* **Work instructions**
Skip every picture while you write out the records below, from the first line through the one that contains "La méthode de", both ends kept.

--- START ---

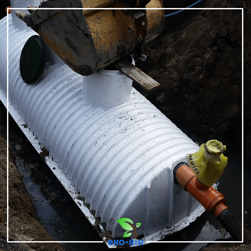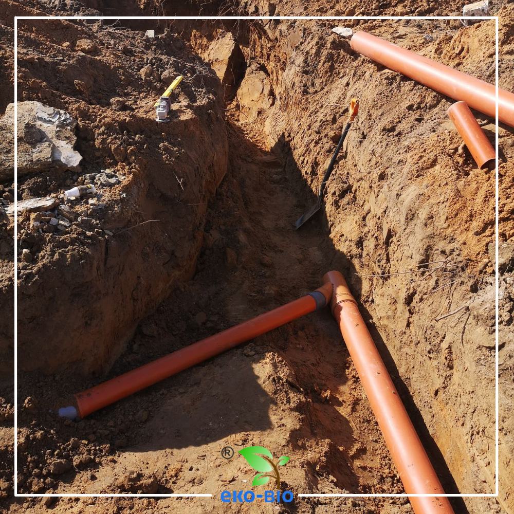 Przydomowa biologiczna oczyszczalnia ścieków EKO BIO 2500 dla 5 osób z przepompownią i odprowadzeniem oczyszczonego ścieku do zbiornika szczelnego EKO. Inwestycja przeprowadzona w województwie podkarpackim, w powiecie kolbuszowskim, gminie Kolbuszowa.
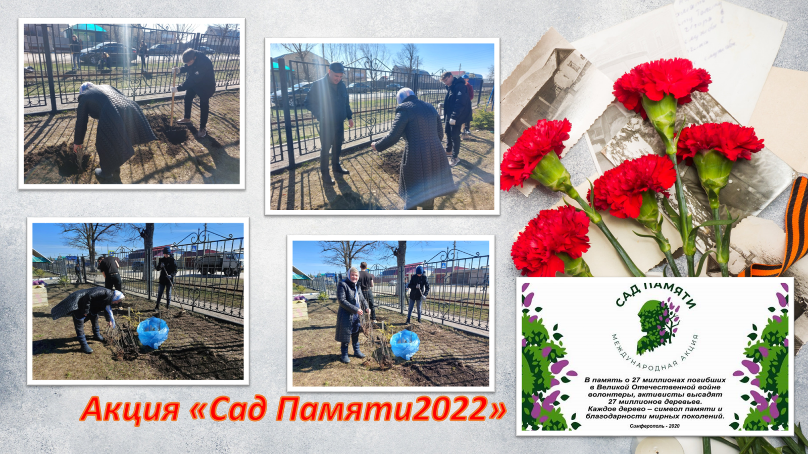 Приближается великий праздник — День Победы. дата — 77 лет! Праздник особенный для нашей страны, для всего человечества. Это «радость со слезами на глазах» — так поется в песне. И действительно, в этот день и радость, и скорбь соседствуют рядом. Международной акции "Сад памяти". Эта акция, приуроченная к 77-летию Великой Победы, проходит на всей территории России. Ее организаторы – Всероссийское общественное движение "Волонтеры Победы" и Фонд памяти полководцев Победы. Идея акции − не просто сплотить людей, а оставить вечный памятник – 27 миллионов деревьев в память о каждом из 27 миллионов погибших в Великой Отечественной войне". Учащиеся школы и сотрудники приняли активное участие.
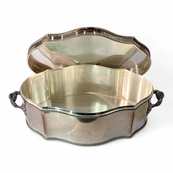 • METAL PRATEADO INGLÊS - Grande caixa em formato oblongo-ondulada em metal prateado, com tampa articulada e alças laterais.Caixa de mesa ou aparador, formato oblongo de bordas sinuosas, decorada com frisos torcidos no contorno da tampa e da base. Pegas laterais em volutas e folhagens. Interior liso, tampa articulada (necessita solda).Apresenta desgaste acentuado na parte superior. Os flancos e parte posterior, anterior e interior da peça estão em bom estado geral de conservação.Marcas de fabricante gravadas na base: DF Y S 3624 D, correspondendo a manufatura inglesa de metal prateado (silver plate), possivelmente Deepe & Sons, século XX.Dimensões: 42 cm x 35 cm x 13 cm de altura.
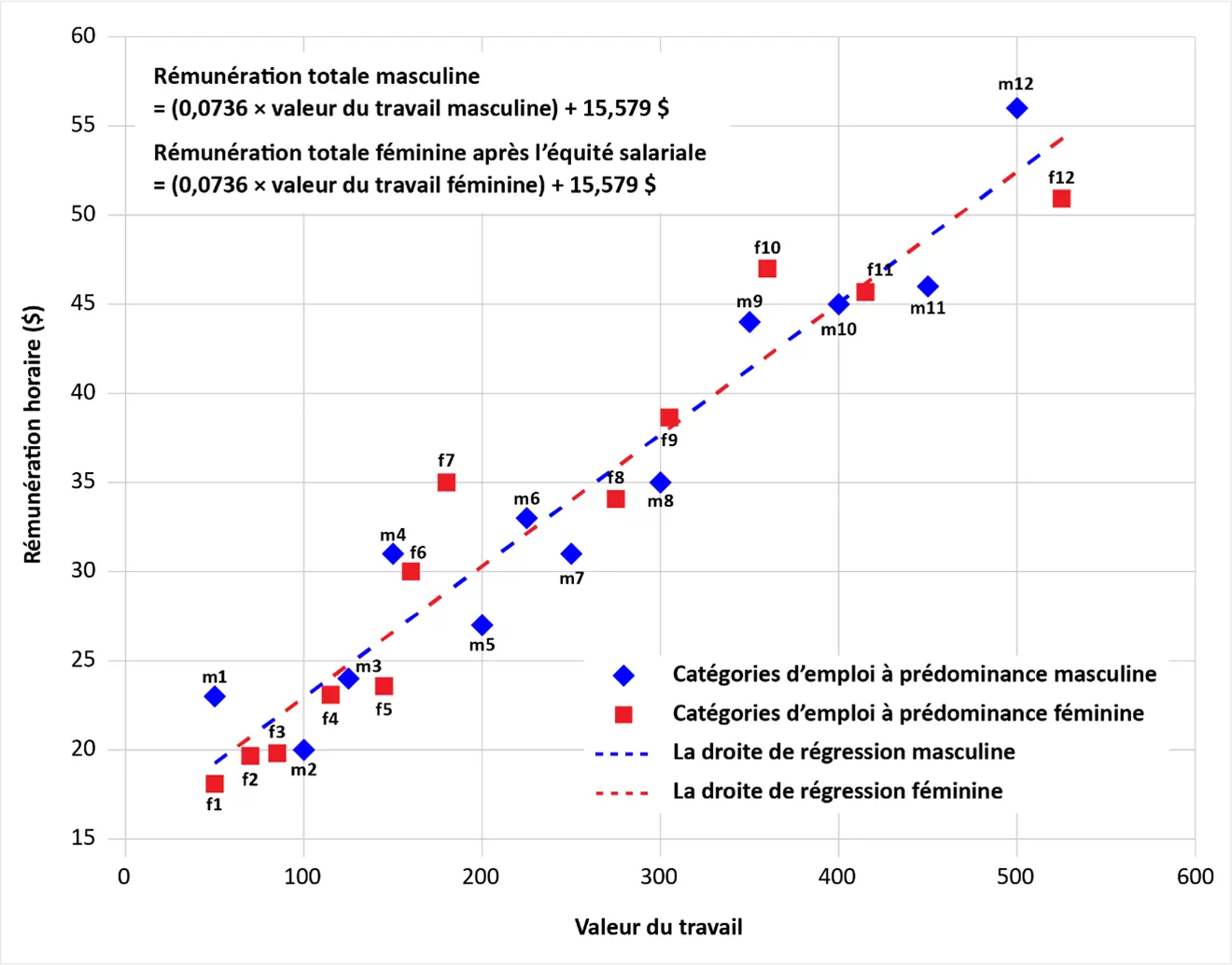 La méthode de la droite égale utilise des droites de régression pour comparer la rémunération totale des catégories
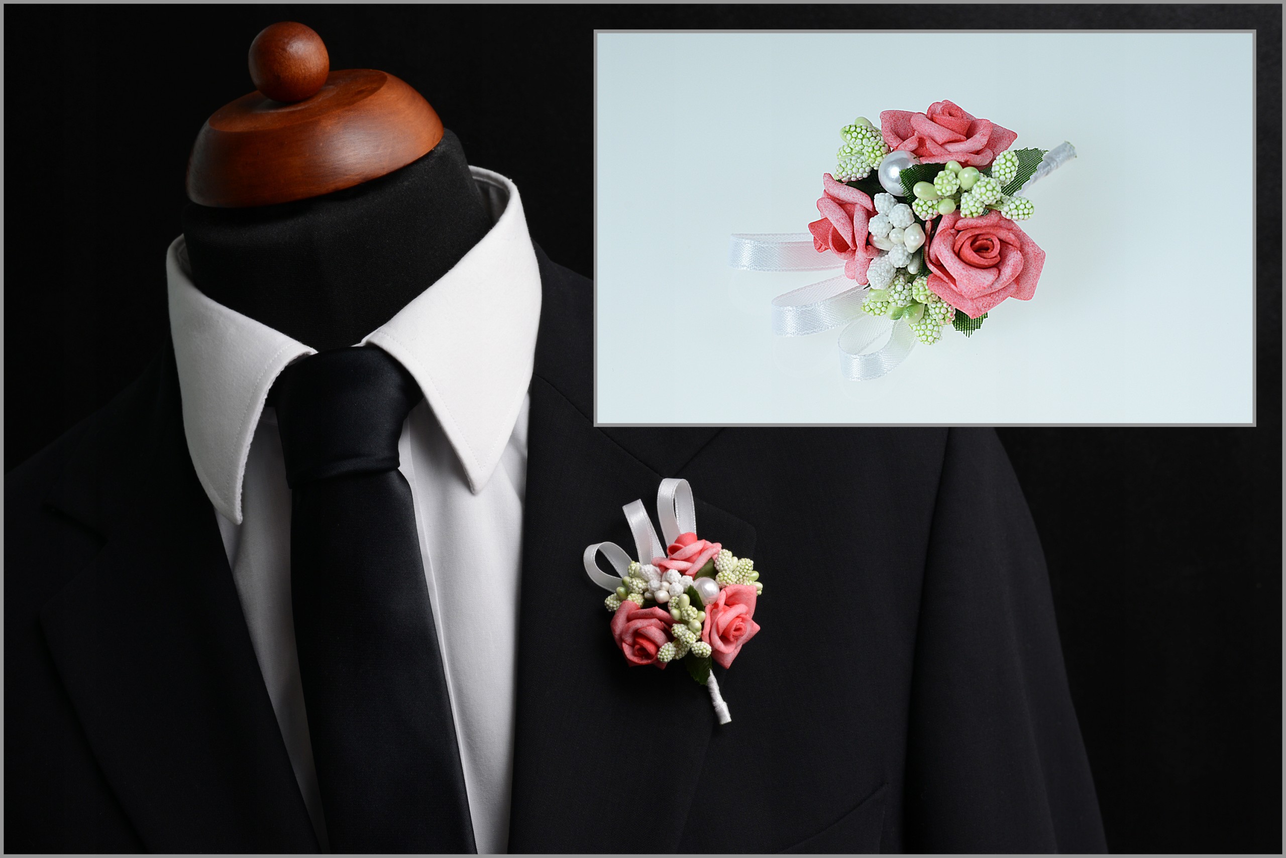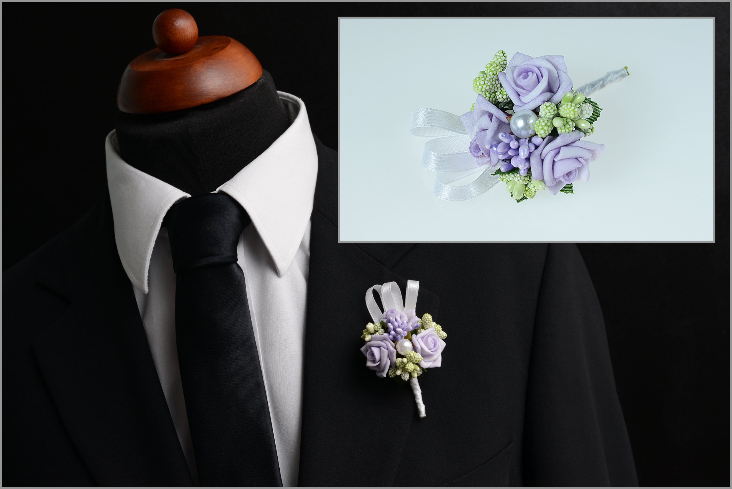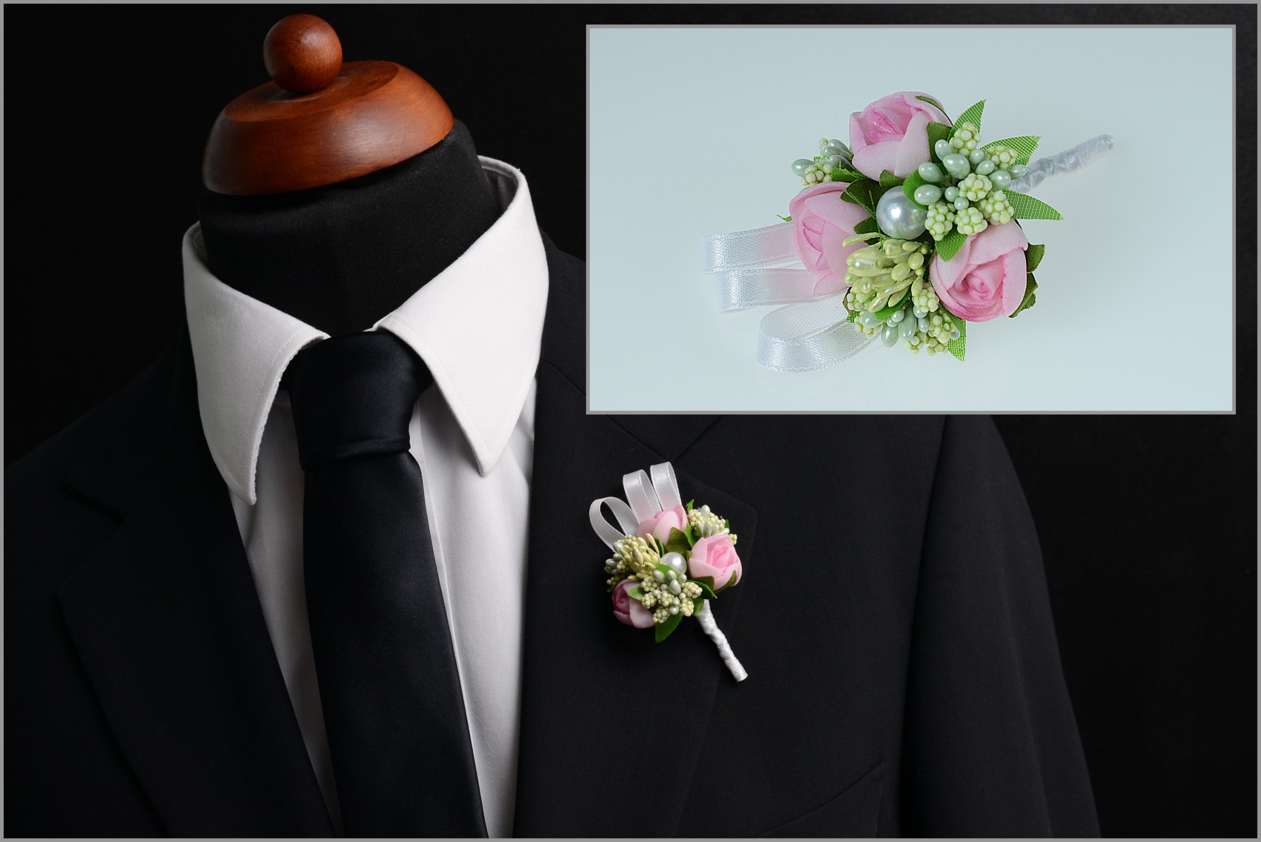 Из натуральных пенопластовых роз и привлекательных цветочных аксессуаров, дополненных лентой, гарантирует оригинальный образ на свадьбе или выпускном вечере.
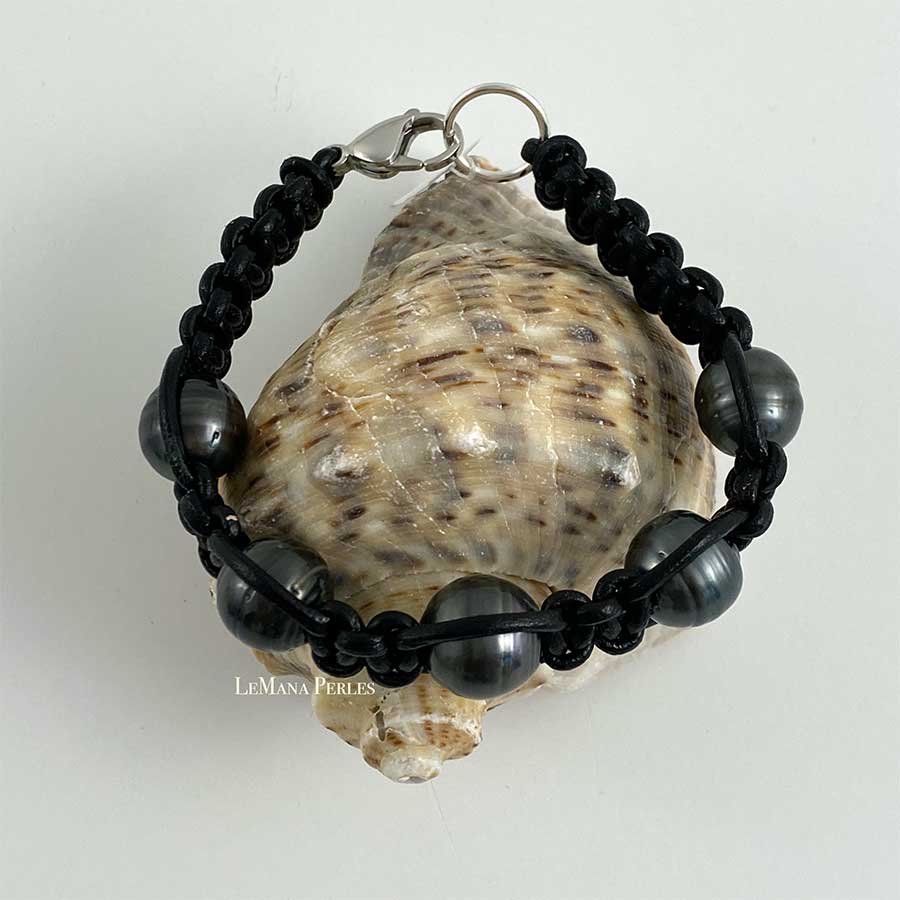 Five 11mm to 12mm Semi Baroque Tahitian Pearls woven with Black Leather

--- END ---

* **Output of the exercise**
 Przydomowa biologiczna oczyszczalnia ścieków EKO BIO 2500 dla 5 osób z przepompownią i odprowadzeniem oczyszczonego ścieku do zbiornika szczelnego EKO. Inwestycja przeprowadzona w województwie podkarpackim, w powiecie kolbuszowskim, gminie Kolbuszowa.
 Приближается великий праздник — День Победы. дата — 77 лет! Праздник особенный для нашей страны, для всего человечества. Это «радость со слезами на глазах» — так поется в песне. И действительно, в этот день и радость, и скорбь соседствуют рядом. Международной акции "Сад памяти". Эта акция, приуроченная к 77-летию Великой Победы, проходит на всей территории России. Ее организаторы – Всероссийское общественное движение "Волонтеры Победы" и Фонд памяти полководцев Победы. Идея акции − не просто сплотить людей, а оставить вечный памятник – 27 миллионов деревьев в память о каждом из 27 миллионов погибших в Великой Отечественной войне". Учащиеся школы и сотрудники приняли активное участие.
 • METAL PRATEADO INGLÊS - Grande caixa em formato oblongo-ondulada em metal prateado, com tampa articulada e alças laterais.Caixa de mesa ou aparador, formato oblongo de bordas sinuosas, decorada com frisos torcidos no contorno da tampa e da base. Pegas laterais em volutas e folhagens. Interior liso, tampa articulada (necessita solda).Apresenta desgaste acentuado na parte superior. Os flancos e parte posterior, anterior e interior da peça estão em bom estado geral de conservação.Marcas de fabricante gravadas na base: DF Y S 3624 D, correspondendo a manufatura inglesa de metal prateado (silver plate), possivelmente Deepe & Sons, século XX.Dimensões: 42 cm x 35 cm x 13 cm de altura.
 La méthode de la droite égale utilise des droites de régression pour comparer la rémunération totale des catégories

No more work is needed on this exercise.